▶ Problem requirements
Find all lines below containing the string "Antonio" and return them.

▶ Raw data
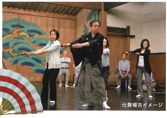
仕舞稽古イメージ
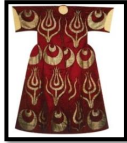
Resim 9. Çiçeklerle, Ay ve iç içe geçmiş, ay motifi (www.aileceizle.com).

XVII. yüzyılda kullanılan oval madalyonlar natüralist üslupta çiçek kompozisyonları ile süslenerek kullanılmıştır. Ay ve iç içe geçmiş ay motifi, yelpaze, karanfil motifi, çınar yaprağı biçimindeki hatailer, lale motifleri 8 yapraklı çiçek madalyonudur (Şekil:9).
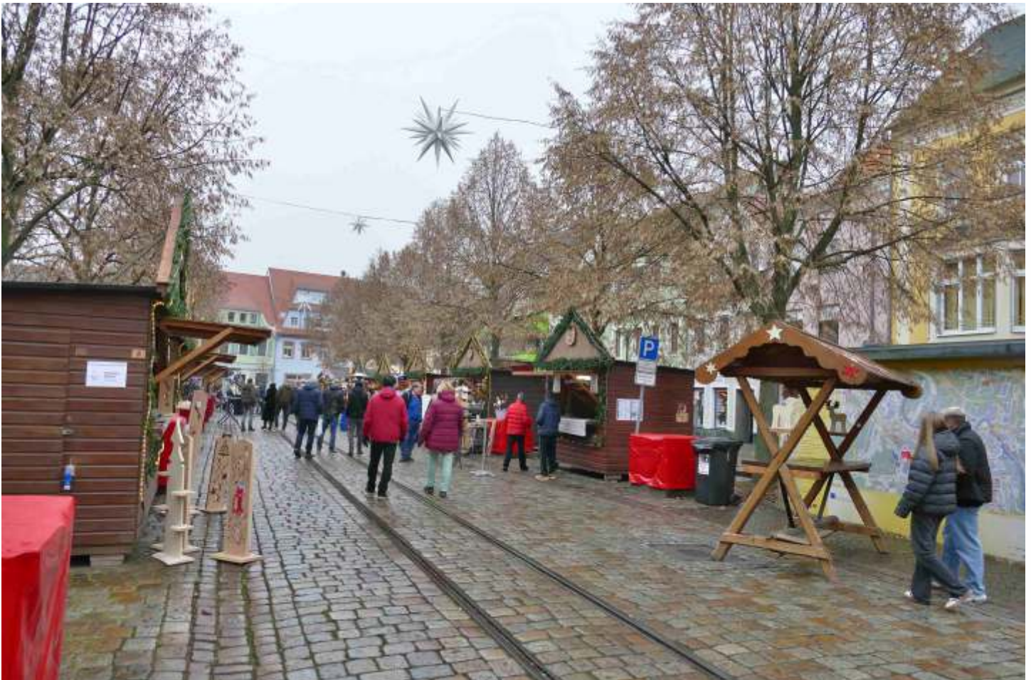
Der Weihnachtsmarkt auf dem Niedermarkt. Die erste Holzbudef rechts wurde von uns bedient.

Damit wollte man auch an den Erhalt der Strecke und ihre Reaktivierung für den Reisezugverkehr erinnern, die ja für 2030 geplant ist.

* * *

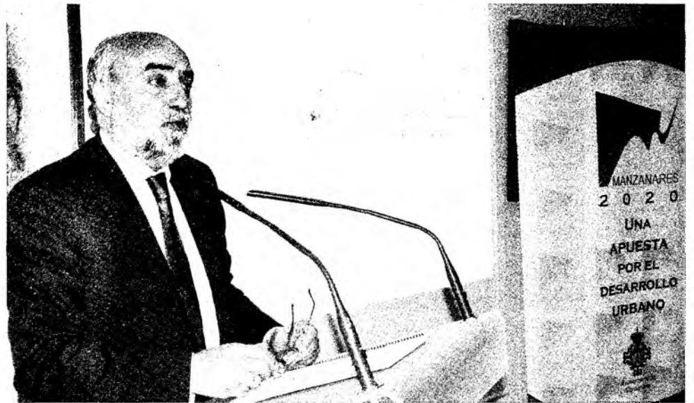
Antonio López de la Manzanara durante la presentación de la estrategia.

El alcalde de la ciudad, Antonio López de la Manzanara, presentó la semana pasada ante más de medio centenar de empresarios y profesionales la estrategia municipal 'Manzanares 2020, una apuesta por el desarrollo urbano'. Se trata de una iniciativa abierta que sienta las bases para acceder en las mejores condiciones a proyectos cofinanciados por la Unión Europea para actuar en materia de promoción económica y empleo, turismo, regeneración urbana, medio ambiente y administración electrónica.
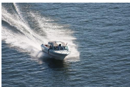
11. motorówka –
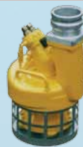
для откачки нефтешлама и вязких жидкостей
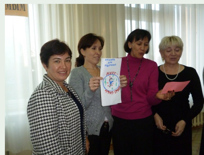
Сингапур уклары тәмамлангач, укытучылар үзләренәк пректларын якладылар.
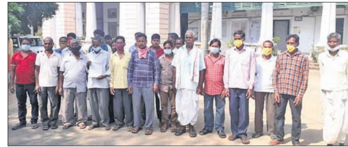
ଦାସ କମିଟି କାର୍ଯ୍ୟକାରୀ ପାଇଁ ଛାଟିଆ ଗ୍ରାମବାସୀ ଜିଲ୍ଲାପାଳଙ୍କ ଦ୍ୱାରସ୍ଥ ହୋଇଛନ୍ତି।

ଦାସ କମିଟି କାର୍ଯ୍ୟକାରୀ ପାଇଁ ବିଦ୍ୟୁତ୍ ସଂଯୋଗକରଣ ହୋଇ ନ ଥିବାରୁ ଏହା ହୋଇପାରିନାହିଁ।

* * *

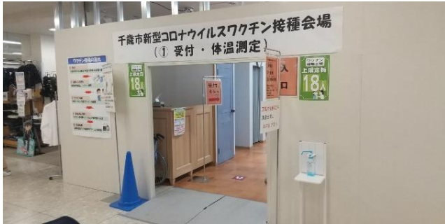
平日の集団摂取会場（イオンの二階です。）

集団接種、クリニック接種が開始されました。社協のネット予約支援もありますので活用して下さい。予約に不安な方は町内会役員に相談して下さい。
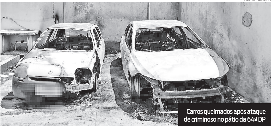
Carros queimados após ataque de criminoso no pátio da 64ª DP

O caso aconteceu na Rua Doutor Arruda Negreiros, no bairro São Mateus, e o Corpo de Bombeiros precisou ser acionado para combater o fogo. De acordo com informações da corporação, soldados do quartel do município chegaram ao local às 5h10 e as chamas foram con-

▶ Answer
Antonio López de la Manzanara durante la presentación de la estrategia.
El alcalde de la ciudad, Antonio López de la Manzanara, presentó la semana pasada ante más de medio centenar de empresarios y profesionales la estrategia municipal 'Manzanares 2020, una apuesta por el desarrollo urbano'. Se trata de una iniciativa abierta que sienta las bases para acceder en las mejores condiciones a proyectos cofinanciados por la Unión Europea para actuar en materia de promoción económica y empleo, turismo, regeneración urbana, medio ambiente y administración electrónica.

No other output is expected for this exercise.